If we want to use the count regression approach (which is more suitable), the spatial eigenvector mapping approach is the tool at hands. Unfortunately, it is again computational intense.
sevmPoiss <- ME(sumChargingPoints ~ sqrt(pop_total), data=popChargingCleaned, family=poisson, zero.policy = TRUE, listw=pop.lw)
## Warning: glm.fit: fitted rates numerically 0 occurred
## Warning: glm.fit: fitted rates numerically 0 occurred
## Warning: glm.fit: fitted rates numerically 0 occurred
## Warning: glm.fit: fitted rates numerically 0 occurred
## Warning: glm.fit: fitted rates numerically 0 occurred
## Warning: glm.fit: fitted rates numerically 0 occurred
## Warning: glm.fit: fitted rates numerically 0 occurred
## Eigenvector ZI pr(ZI)
## 0 NA NA 0.01
## 1 695 NA 0.01
## 2 118 NA 0.01
## 3 617 NA 0.01
## 4 256 NA 0.01
## 5 539 NA 0.01
## 6 71 NA 0.01
## 7 814 NA 0.09
sevmPoissModel <- glm(sumChargingPoints ~ sqrt(pop_total) + fitted(sevmPoiss), data=popChargingCleaned, family=poisson)
summary(sevmPoissModel)
##
## Call:
## glm(formula = sumChargingPoints ~ sqrt(pop_total) + fitted(sevmPoiss),
## family = poisson, data = popChargingCleaned)
##
## Deviance Residuals:
## Min 1Q Median 3Q Max
## -9.4185 -0.5059 -0.3354 -0.2436 12.2322
##
## Coefficients:
## Estimate Std. Error z value Pr(>|z|)
## (Intercept) -3.523e+00 5.414e-02 -65.075 <2e-16 ***
## sqrt(pop_total) 5.607e-02 6.324e-04 88.663 <2e-16 ***
## fitted(sevmPoiss)vec695 6.257e-01 1.275e+00 0.491 0.624
## fitted(sevmPoiss)vec118 2.739e+01 1.510e+00 18.143 <2e-16 ***
## fitted(sevmPoiss)vec617 1.961e+01 1.701e+00 11.528 <2e-16 ***
## fitted(sevmPoiss)vec256 -1.990e+01 1.571e+00 -12.666 <2e-16 ***
## fitted(sevmPoiss)vec539 -2.060e+01 1.257e+00 -16.386 <2e-16 ***
## fitted(sevmPoiss)vec71 -3.895e+01 1.939e+00 -20.093 <2e-16 ***
## fitted(sevmPoiss)vec814 -1.679e+01 1.809e+00 -9.282 <2e-16 ***
## ---
## Signif. codes: 0 '***' 0.001 '**' 0.01 '*' 0.05 '.' 0.1 ' ' 1
##
## (Dispersion parameter for poisson family taken to be 1)
##
## Null deviance: 16759.2 on 5095 degrees of freedom
## Residual deviance: 4950.9 on 5087 degrees of freedom
## AIC: 5739.9
##
## Number of Fisher Scoring iterations: 6
Presumably we have missed a lot of other predictors that are now partially absorbed into different eigenvectors. It might be worth to plot and investigate the eigenvectors that made it into the model. Therefore, we attach the selected eigenvectors to the sf object and plot them.

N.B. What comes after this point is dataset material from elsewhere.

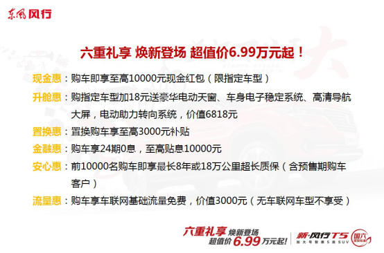 除此之外,為讓新風(fēng)行T5的用戶能夠享受踏實無憂的購車、用車生活,東風(fēng)風(fēng)行貼心準(zhǔn)備六重“禮享”,包括現(xiàn)金惠、升艙惠、置換惠、金融惠、安心惠、流量惠等,力度十足。

Most selected spatial eigenvectors represent rather short ranges spatial autocorrelation pattern which represent presumably the spillover effects that we captured in the spatial lag modell. In addition we see two relatively long ranging spatial structure (vec 71, 118 and 256).
Try the following changes to the analysis:
How do the estimated regression coefficients change if the 8-nearest neighbors are used in the idw version both for the spatial lag and the spatial lagged X model?
Rerun the analysis using the data from Berlin. The population data is stored in the geopackage Berlin.gpkg, the name of the layer is population.